Church of the Assumption of the Blessed Virgin Mary, Pruzhany
Catholic church of the Assumption of the Blessed Virgin Mary (Belarusian: Kaścioł Uniebaŭziaćcia Najśviaciejšaj Panny Maryi, Касьцёл Унебаўзяцьця Найсьвяцейшай Панны Марыі) is a Roman Catholic church in Pružany, Belarus. Monument of neoclassical architecture.
History
The first Catholic church in Pruzhany was built in 1522. By the middle of the 19th century, it was burned, at a time when the Russian Empire reigned, Catholics required to build a new stone building, for which the famous architect Henryk Marconi was invited from Warsaw.
Local nobleman Walenty Szwykowski financed the construction. However, after the events of the national liberation uprising of 1863 against Russian domination, still unfinished church was selected and rebuilt by the Russian Orthodox Church. The people rebelled and insisted that at least one Catholic church to be built in Pruzhany. Permission was granted, but the tsarist authorities was delivered condition of the church would not rise above the other buildings of the city.
Construction of the church ended in 1883, on September 29, it was handed over to religious authorities. On September 8, 1884, the church was consecrated under the title of the Assumption of the Blessed Virgin Mary. Events arranged a priest Karol Gryniawicki. Temple was damaged during the First World War. In 1929-1930, when Pružana was part of Poland, with financial support from the gentry Dziekońscy and Moraczewscy temple completely repaired, replaced the roof and windows, conducted electric lighting.
In 1939, the vicar of the church was Kazimierz Świątek (Roman Catholic Cardinal). After the arrival of Soviet troops in Pruzhana in September 1939 he was arrested and held on death row in Brest for two months.

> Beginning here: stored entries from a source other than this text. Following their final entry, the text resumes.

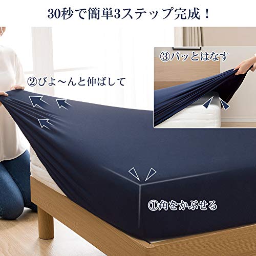 【30秒で簡単に装着できるシーツ!】たて・よこ3Dストレッチの伸縮性に優れ、無駄なくただ30秒で、3ステップ(1)角をかぶせる(2)びよ~んと伸ばして(3)パッとはなす。「のびて、ピタッ!」とつけられる!取り付け、着脱も簡単♪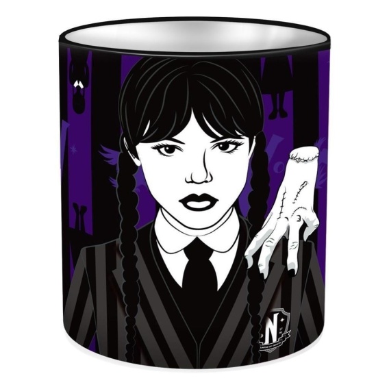 Metalowy pojemnik na przybory szkolne. Wymiary: 10x11 cm.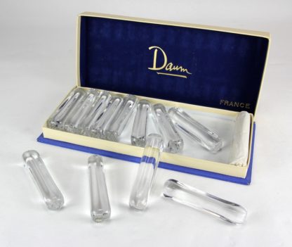 Messerbänkchen Daum Nancy um 1960. Glas. Zwölf längsrechteckige Messerbänkchen mit eingezogenen Seiten. Jeweils auf einem Ende signiert, teils schwer erkennbar. Daum Nancy. Länge jeweils ca. 9 cm. Teils etwas oberflächig verkratzt.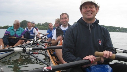 Am Wochenende lud der Ruderclub seine Mitglieder zum traditionellen „Frühstück der Ruderer“ ein. Der Einladung folgten viele Mitglieder, so dass die Terrasse des Al Fiume komplett durch den Ruderclub besetzt war. Doch bevor es auf die Terrasse ging, stand noch die Bootstaufe und eine Ehrung auf dem Programm. Im Hof des Ruderclubs waren der neue (gebrauchte)Bus, der neue Katamaran, der neue Hänger und auch der neue (gebrauchte) Achter, in dem auch schon die deutsche Nationalmannschaft saß, aufgestellt. Eigentlich hätte auch noch ein Gig-Doppelvierer mit Steuermann dort stehen sollen, aber dieser konnte leider nicht rechtzeitig durch die Bootswerft fertiggestellt werden.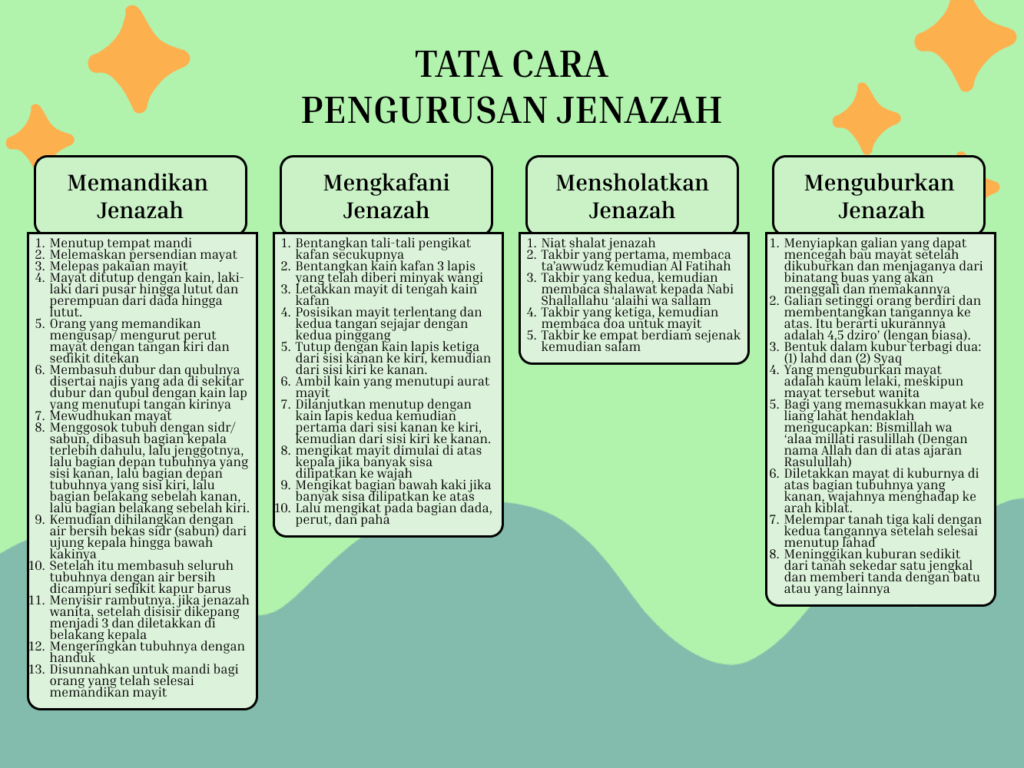 Mind mapping ini membantu memvisualisasikan tahapan-tahapan pengurusan jenazah secara sederhana, runtut, dan mudah dipahami, sehingga dapat dijadikan sarana belajar maupun pengingat dalam praktik kehidupan sehari-hari.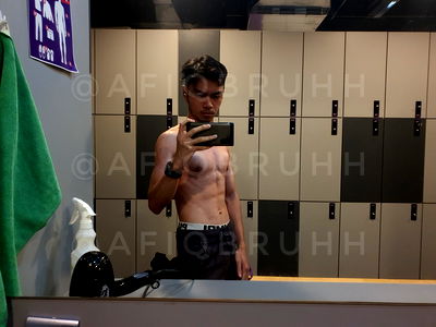 In this image, AfiqBruhh is captured in a moment of fitness, standing confidently in front of a mirror at a gym. He's dressed casually in sportswear, ready for his workout session. Behind him, a locker room filled with various sports equipment can be seen, suggesting that he might have finished his workout and taken a selfie to document his progress.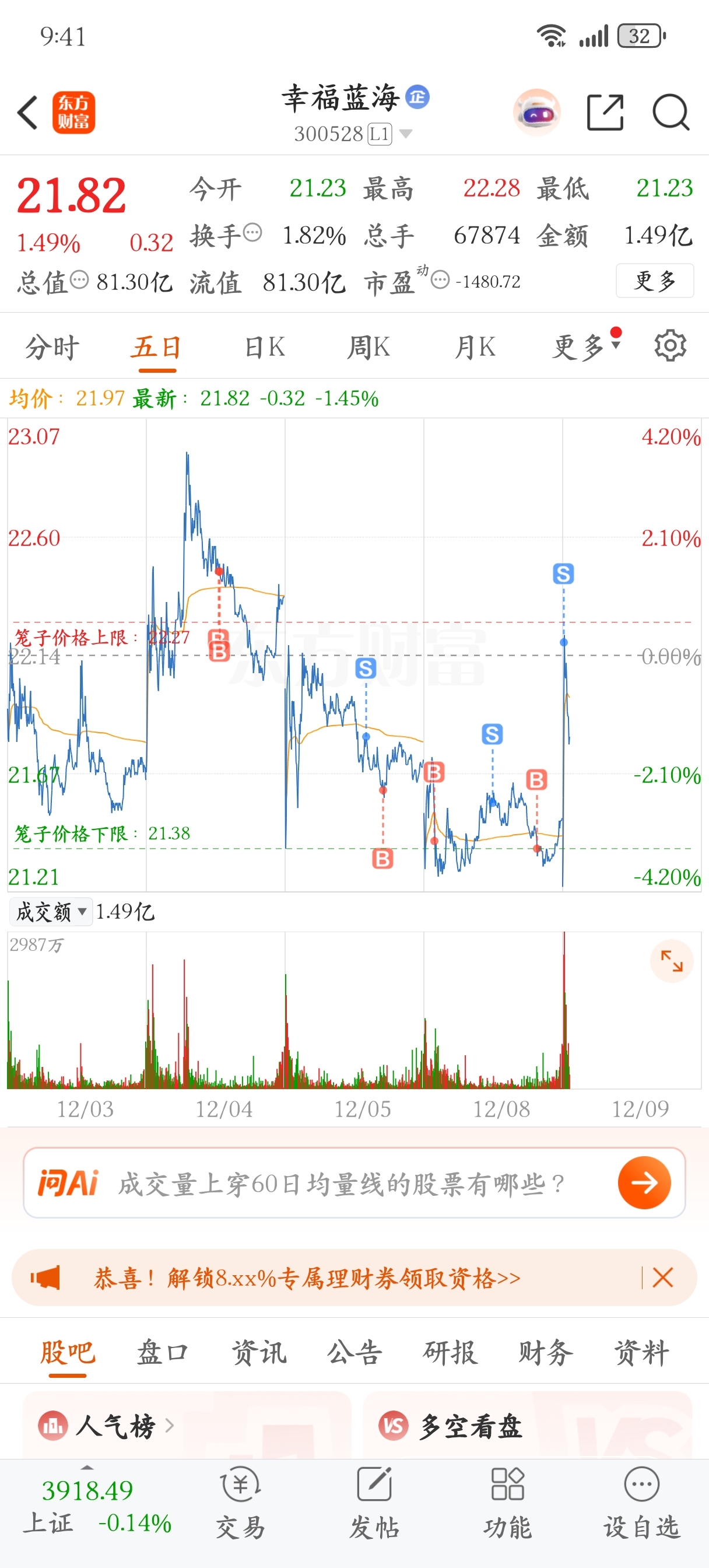 $幸福蓝海(SZ300528)$ 只想回本,小赚一点,算是弥补我这几天错失行情的补贴,清仓跑了,你后边涨上天也跟我没关系,因为你,我看好的票11个点没吃到,这还是今天回了5个点的原因,自己玩吧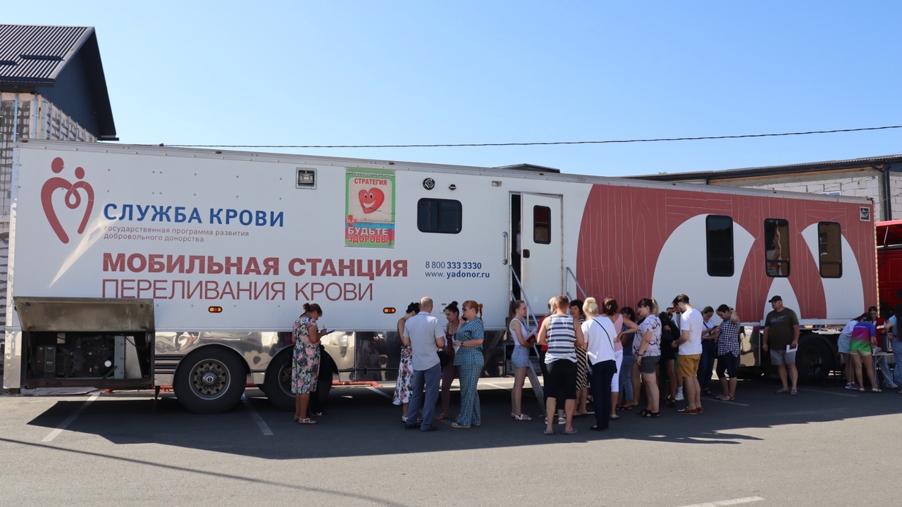 В На площади перед Семейным магнитом 17 августа с девяти утра работал мобильный комплекс краевой станции переливания крови.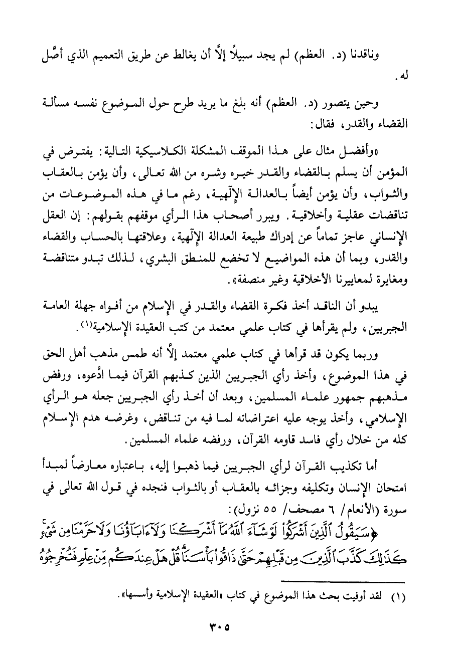 وحين يتصور (د. العظم) أنه بلغ ما يريد طرح حول الموضوع نفسه مسألة القضاء والقدر، فقال: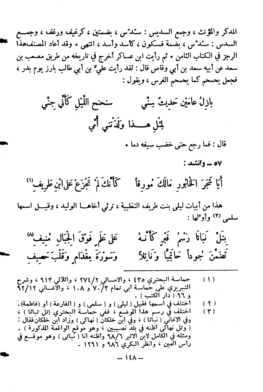 (¬1) حماسة البحتري 435. والامالي 2/ 274، واللآلي 913، وشرح التبريزي على حماسة أبي تمام 3/ 70 و 108، والأغاني 12/ 92 و 96 (دار الكتب).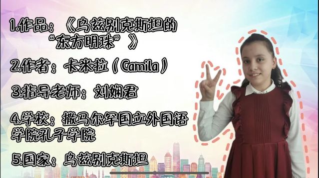 学员卡米拉在视频中用中文介绍了塔什干电视塔,将其比作乌兹别克斯坦的“东方明珠”,并欢迎各国的朋友们来到乌兹别克斯坦,获得了最佳外语奖;
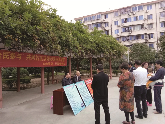 近日,区物业管理处携手宁波天歌物业有限公司在城南三区小广场举办“扫黑除恶”宣传进小区活动。
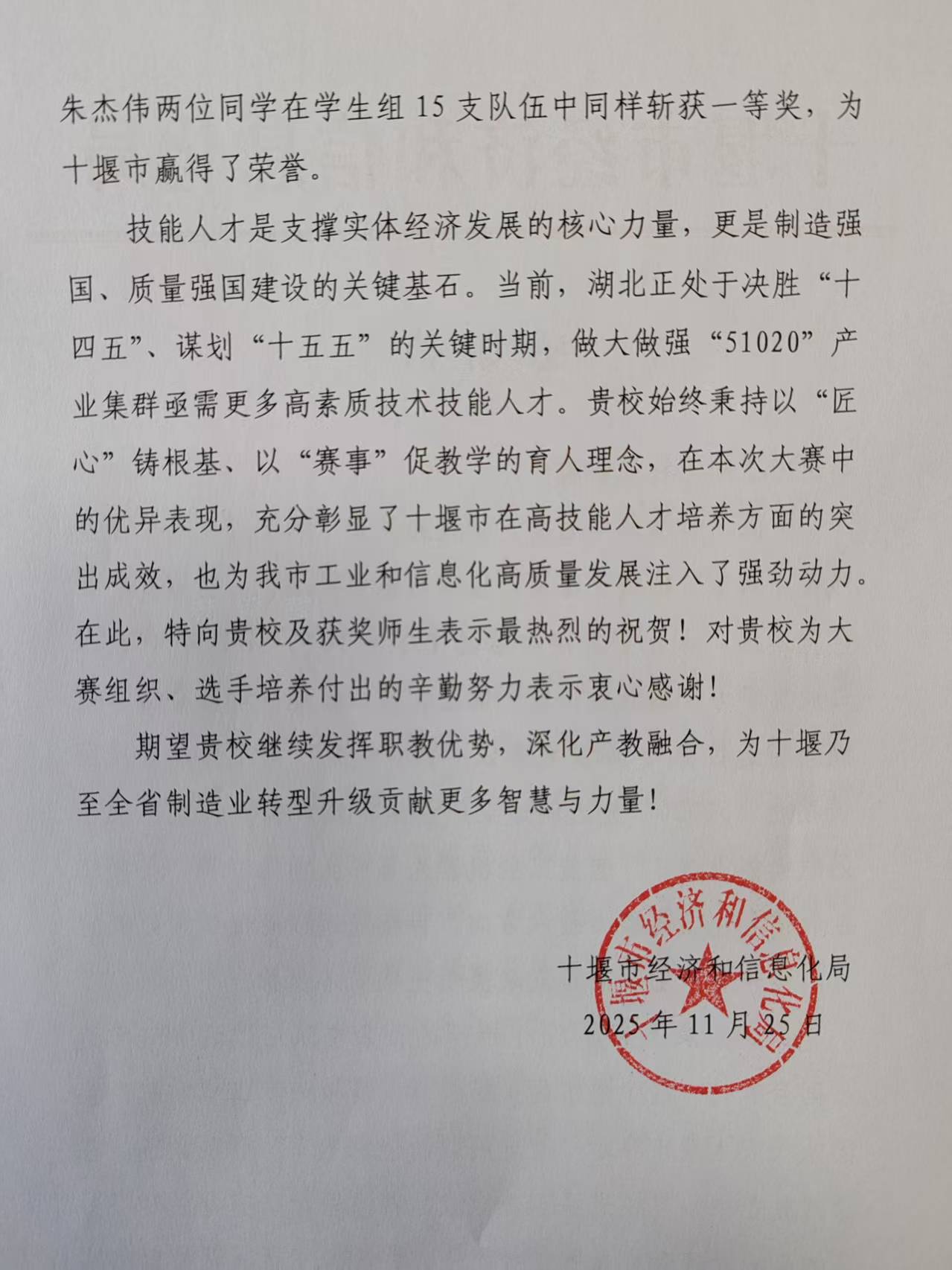 感谢信中指出,本次大赛以“技兴荆楚”为主题,紧密围绕湖北“51020”先进制造业产业集群发展需求,设立智能网联新能源汽车、智能工业机器人等6大前沿赛项。经十堰市经信局推荐,PP电子游戏官网PP电子游戏网站师生团队代表十堰市参加“智能网联新能源汽车”赛项角逐。张超、王哲月两位教师在职工组20支队伍中勇夺总成绩第二名并获一等奖,刘诚、朱杰伟两位同学在学生组15支队伍中同样斩获一等奖,充分展现了PP电子游戏官网师生扎实的专业功底和卓越的竞技水平,为十堰市赢得了荣誉。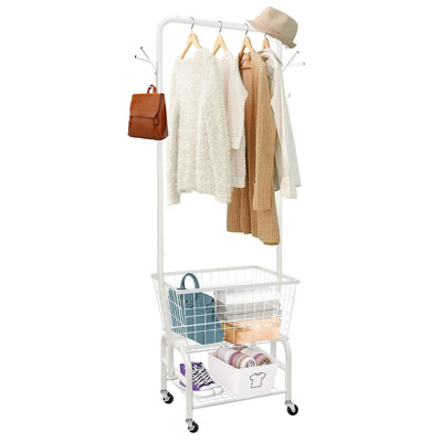 Metal Rolling Laundry SorterMaximize your space and keep your clothes organized with our multi-functional coat rack and rolling laundry basket. Designed for convenience and durability. FANGCHANG Color: WhiteFANGCHANG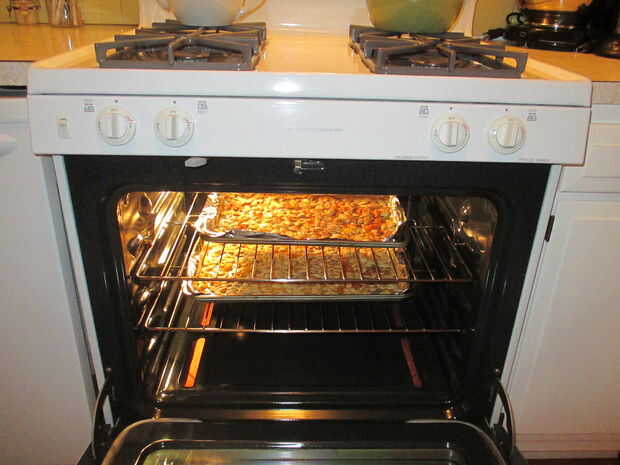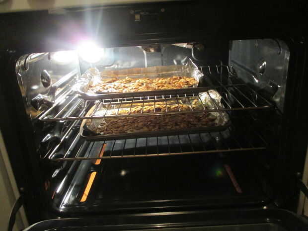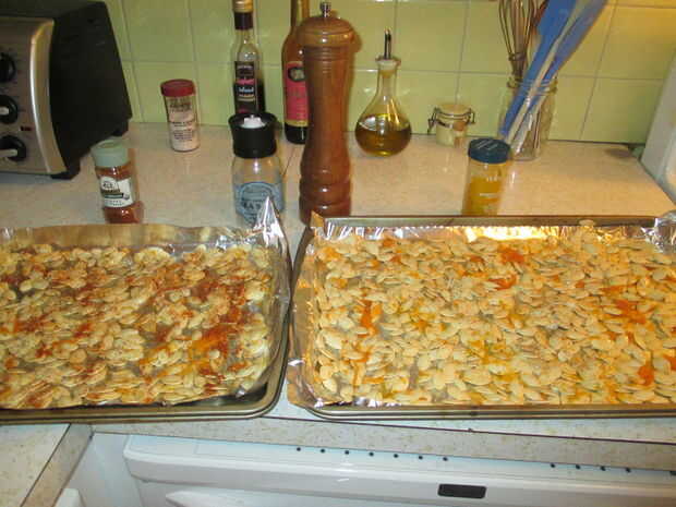Creo que horno en 325 grados F durante unas horas. Después de una hora me le saque las bandejas y tratar de mezclar y mezclar las semillas alrededor. Use una espátula de plástico si es guarnición sus hojas con papel de aluminio, así que usted no rasgar el papel de aluminio cuando usted es raspar las semillas para voltearlas.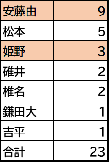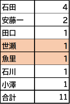 色が変わっている選手はクロスの成功があった選手。その他の選手はうまくつながらなかったということになります。クロスの成功数は鳥取は2本、富山は5本です。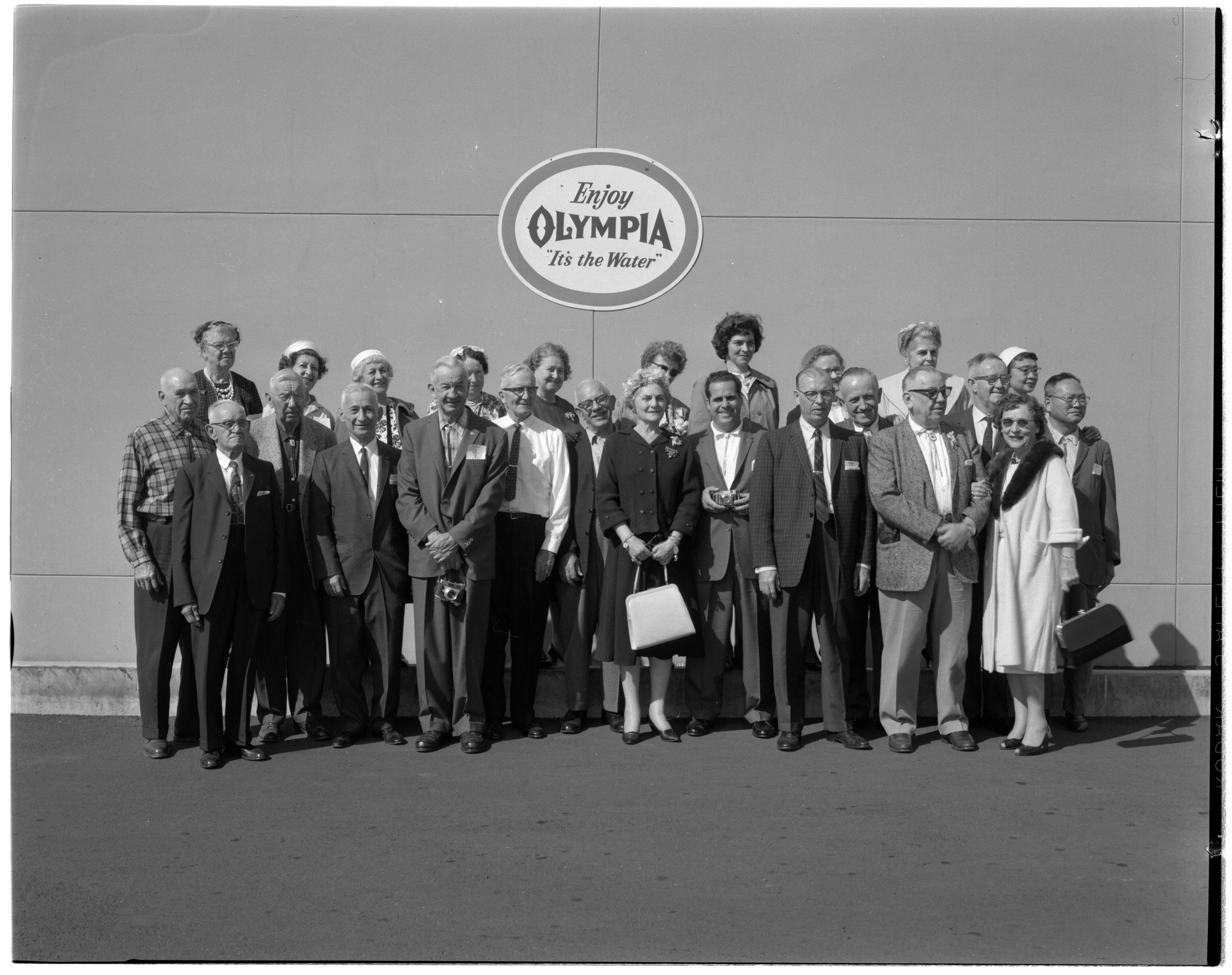 Negative, sheet film. 4 x 5 b&w. No. 915. OB Corp TV. Shriners visit Olympia brewery. No ID on people.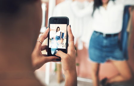 Hand, women and phone screen of fashion photography, profile picture and social media update. Back, mobile and people for content creation, designer collection and clothes blog of style tips at house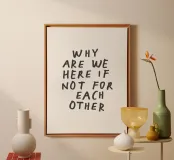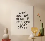 Bringen Sie Wärme und Verbundenheit in Ihren Raum mit diesem Kunstdruck, der den herzlichen Satz "Why Are We Here if Not for Each Other" in charmant grober, unschuldiger Handschrift zeigt. Vor einem sanften beigen Hintergrund zelebriert dieses Werk Freundlichkeit, Zusammengehörigkeit und die Schönheit der Unvollkommenheit. Dieser Druck eignet sich perfekt als Geschenk oder als aufmerksame Dekoration für Ihr Zuhause und passt in Wohn- und Schlafzimmer sowie in kreative Räume. Als sanfte Erinnerung an Einfühlungsvermögen und Einigkeit ist es ideal für Geburtstage, Jahrestage oder einfach, um geliebten Menschen eine Freude zu machen.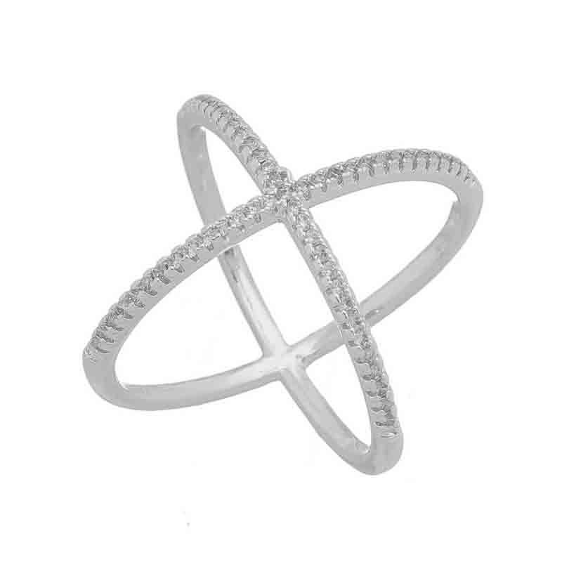 Anel réplica com pedras 1mm zircônia em formato X, medindo 1,5X2,0cm BANHO DE RÓDIO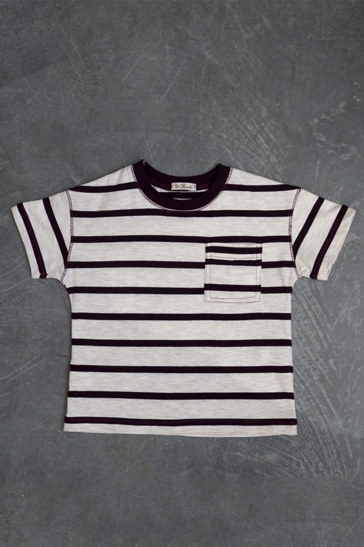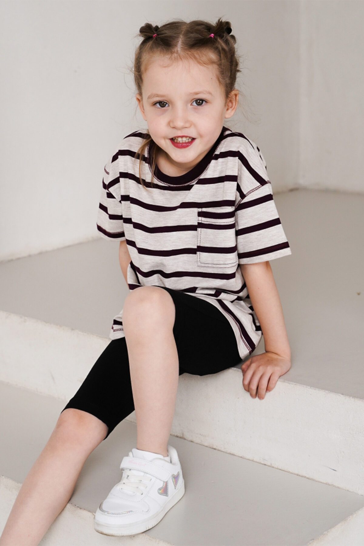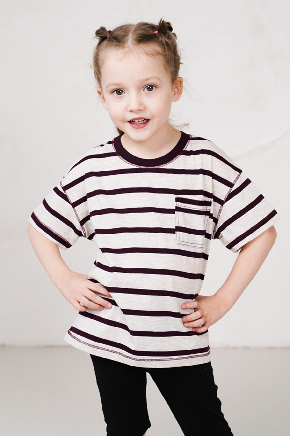 Футболка прямого свободного силуэта с короткими рукавами. Круглая горловина обработана широкой обтачкой в цвет полоски основы. Накладной карман на полочке «как у взрослых».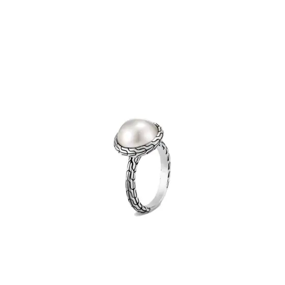 Women’s Classic Chain Silver Small Ring with 11.5-12mm Mabe Fresh Water Pearl, Size 7

Father Świątek escaped from prison, taking advantage of the confusion caused by the Nazi German invasion of the Soviet Union on 22 June 1941, and returned to Pruzhany. In December 1944, the NKVD arrested Swiątek for a second time. The following year he was sentenced to 10 years hard labor in a concentration camp, and spent nine years in Siberia and the north of the Soviet Union, working in the taiga and in the mines.
Two years later in Poland left the priest Antoni Rojko fearing persecution by Soviet authorities. Believers continued to meet in the church in prayer, even without a priest for two more years, until it was closed on March 2, 1948.
April 19, 1951 the city authorities decided to rebuild the church beneath House of Culture. The wooden parts of its organ were used for heating, church furniture and clothing was put on tailoring theatrical costumes. Part of the property was sold. Thus the Church shared the fate of many temples in the former USSR, which, if not destroyed, have become cultural centers, clubs, warehouses, storage of agricultural machinery.
In the early 1990s began to seek the return of the faithful of the church. August 4, 1991 in Pruzhana was sent to the pastoral activity priest Edward Lojek. December 2, when Belarus has become an independent country, the authorities allowed to hold worship services in the church.
February 1, 1993, and returned to the church was consecrated in honor of the Mother of God. February 6 a solemn Mass was celebrated by Archbishop Kazimierz Świątek.
Large-scale restoration lasted until 1998. The complete inventory and documentation for the reconstruction of free made professor of the Institute of preservation of monuments of Kraków Polytechnic Wiktor Zin.
At the site of the Communists destroyed the monument to Christ the Savior put Jubilee cross to the 2000th anniversary of Christianity.